▶ DIRECTIONS FOR THIS TASK
Leave the pictures out. Return all other data exactly.
★ ★ ★ ★ ★
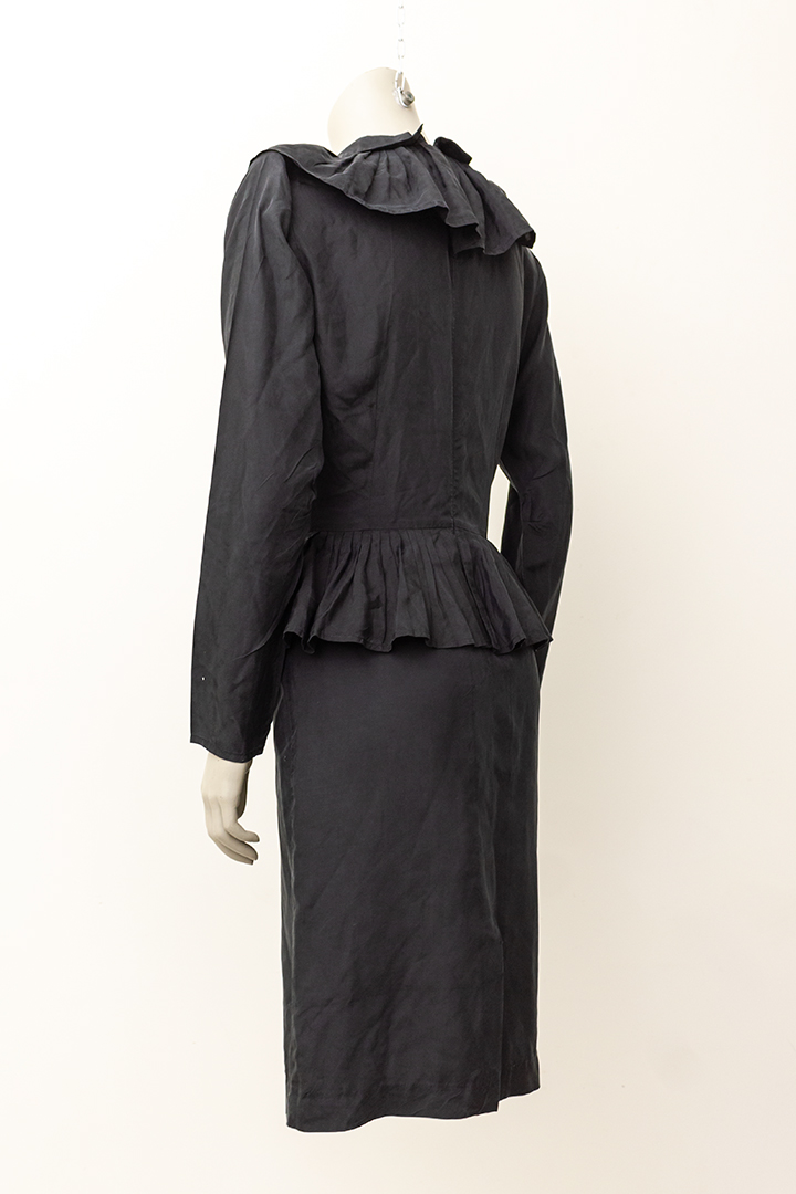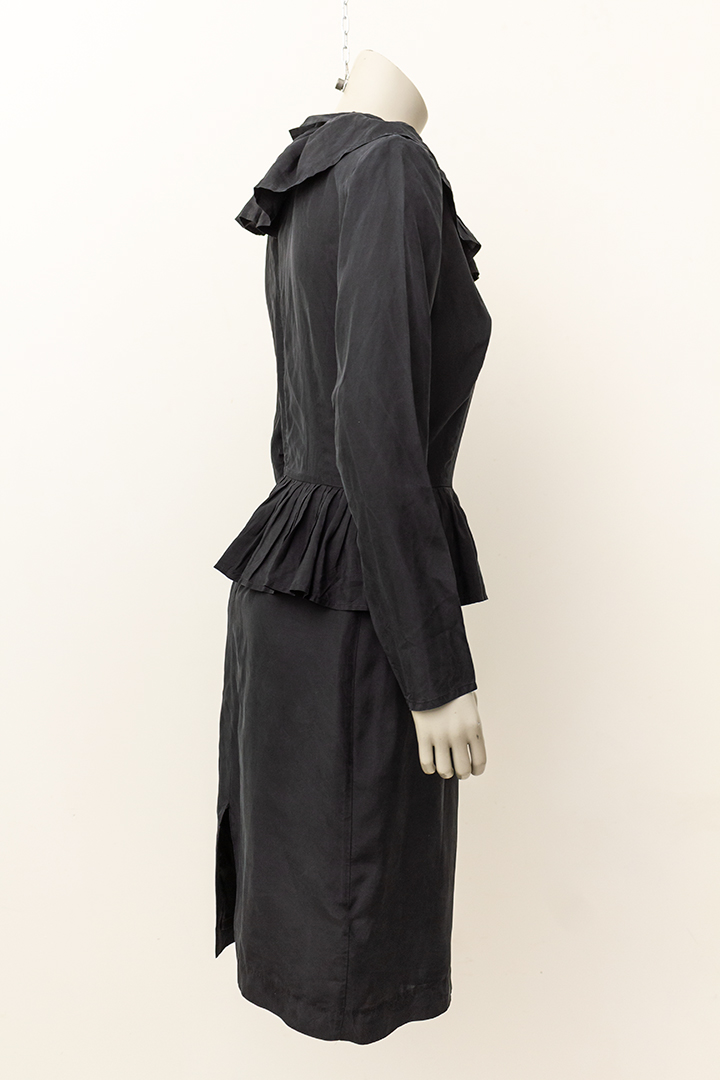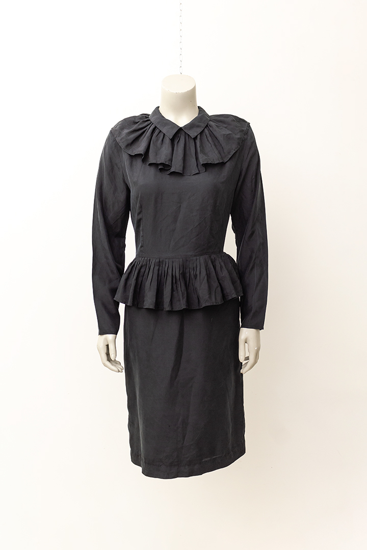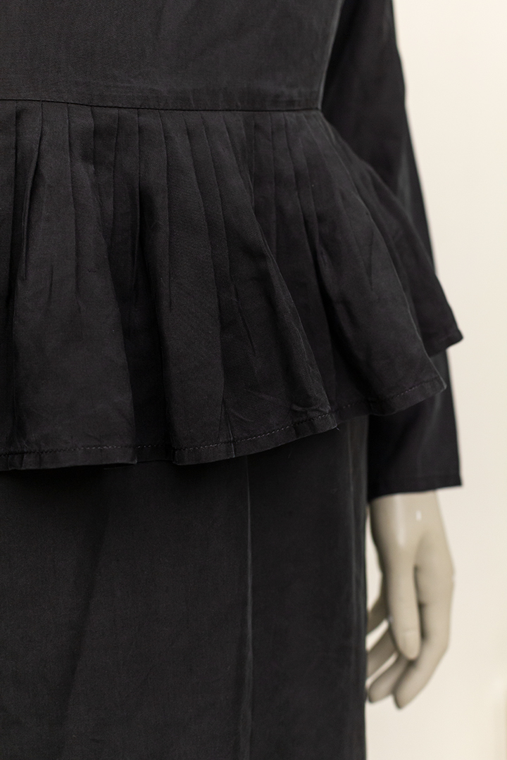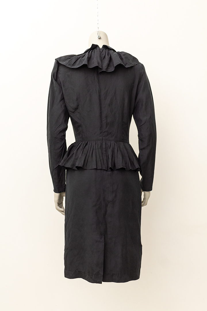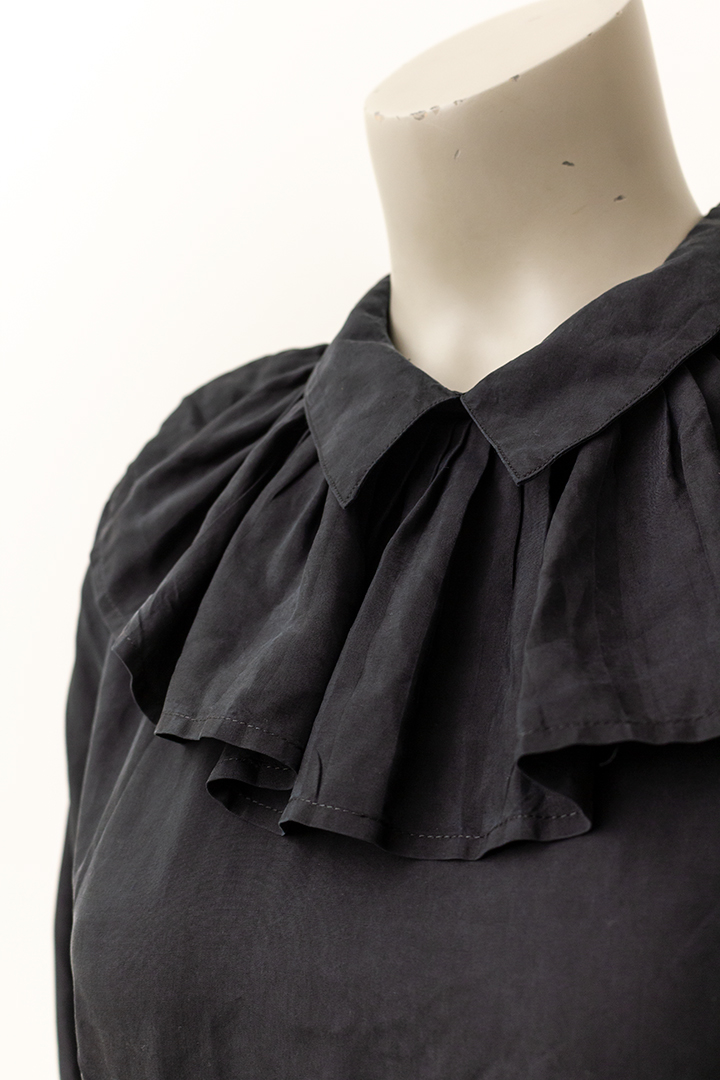 De grote geplisseerde kraag van deze jurk loopt helemaal door naar achteren. Hetzelfde geldt voor de kleinere kraag die daarop bovenop ligt en de rushes rond de taille. De jurk heeft coupenaden aan de voor- en achterkant. Het item sluit met een lange rits aan de achterzijde en heeft daar een kleine split. De zwarte stof is ietsje shiny.
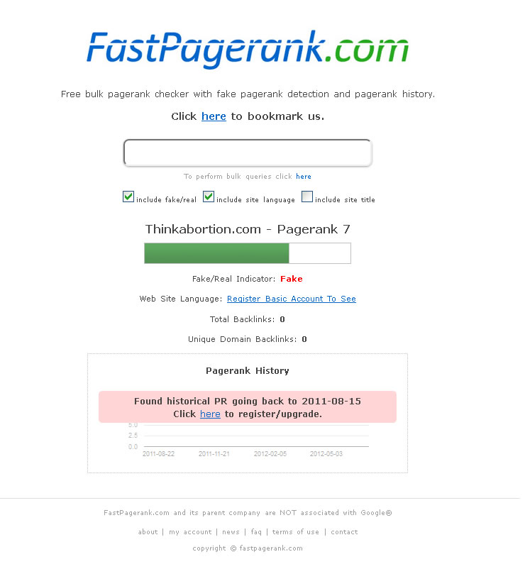 Fastpagerank.com? They think its fake: Not sure how you missed the bit where it says Fake/Real Indicator. I would agree with them. I mean, the site isn't even indexed by Google. Sounds like you have been duped by the seller.
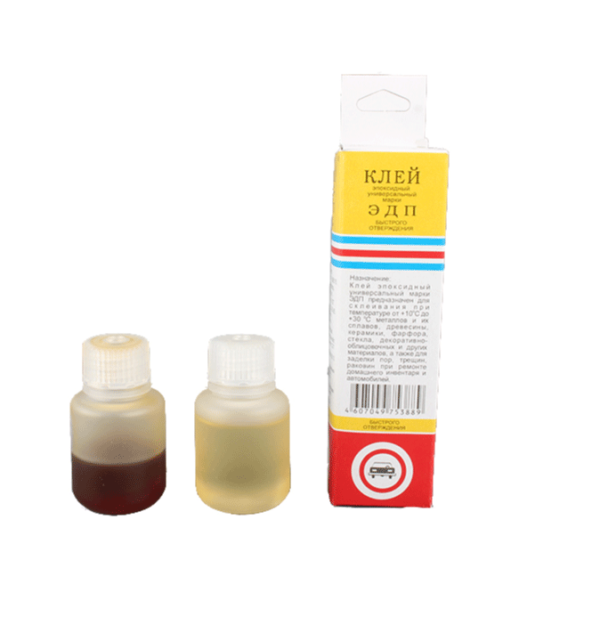 Эпоксидный клей ЭДП (ТУ 2385-024-75678843-2010) предназначен для склеивания при температуре от +10 0С до +30 0С металлов и их сплавов, древесины, керамики, фарфора, стекла, декоративно-облицовочных и других материалов, а также для заделки пор, трещин, раковин при ремонте домашнего инвентаря и автомобиля.
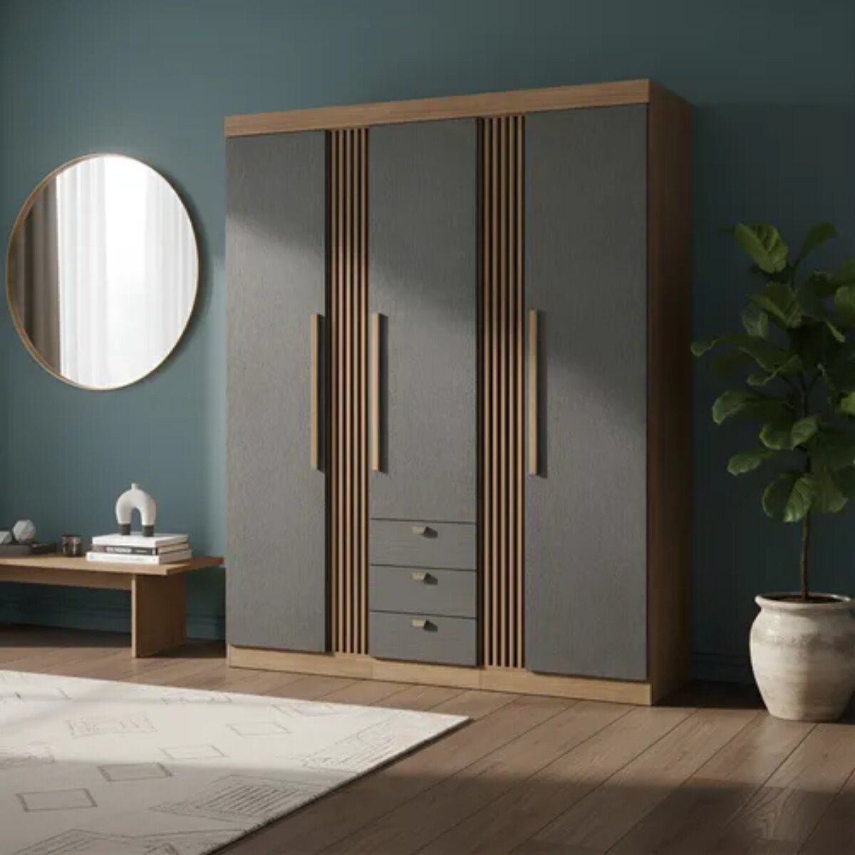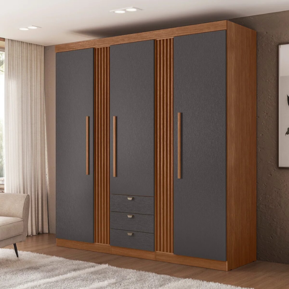 ROPERO AURORA 3 PUERTAS 3 CAJONES JATOBÁ - GRAFITO
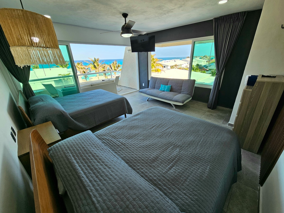 Estudio con vista al mar, ubicado en segundo piso; forma parte de un alojamiento vacacional frente a mar (no es un hotel) en una zona tranquila. La playa más cercana está a diez minutos caminando. Es ideal para parejas, familias o grupos pequeños de amigos. A menos de 5 minutos a pie de la estación del ferry que va hacia Isla Mujeres. No se permiten fiestas ni invitados, sólo el número de huéspedes indicados en la reservación. Es una experiencia local.
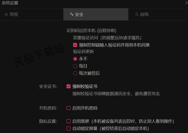 3.设置界面拥有更多安全设置选项,包括双重验证访问,验证码定期更新,以及各种隐私和安全设置等。
★ ★ ★ ★ ★
▶ COMPLETED EXERCISE
 De grote geplisseerde kraag van deze jurk loopt helemaal door naar achteren. Hetzelfde geldt voor de kleinere kraag die daarop bovenop ligt en de rushes rond de taille. De jurk heeft coupenaden aan de voor- en achterkant. Het item sluit met een lange rits aan de achterzijde en heeft daar een kleine split. De zwarte stof is ietsje shiny.
 Fastpagerank.com? They think its fake: Not sure how you missed the bit where it says Fake/Real Indicator. I would agree with them. I mean, the site isn't even indexed by Google. Sounds like you have been duped by the seller.
 Эпоксидный клей ЭДП (ТУ 2385-024-75678843-2010) предназначен для склеивания при температуре от +10 0С до +30 0С металлов и их сплавов, древесины, керамики, фарфора, стекла, декоративно-облицовочных и других материалов, а также для заделки пор, трещин, раковин при ремонте домашнего инвентаря и автомобиля.
 ROPERO AURORA 3 PUERTAS 3 CAJONES JATOBÁ - GRAFITO
 Estudio con vista al mar, ubicado en segundo piso; forma parte de un alojamiento vacacional frente a mar (no es un hotel) en una zona tranquila. La playa más cercana está a diez minutos caminando. Es ideal para parejas, familias o grupos pequeños de amigos. A menos de 5 minutos a pie de la estación del ferry que va hacia Isla Mujeres. No se permiten fiestas ni invitados, sólo el número de huéspedes indicados en la reservación. Es una experiencia local.
 3.设置界面拥有更多安全设置选项,包括双重验证访问,验证码定期更新,以及各种隐私和安全设置等。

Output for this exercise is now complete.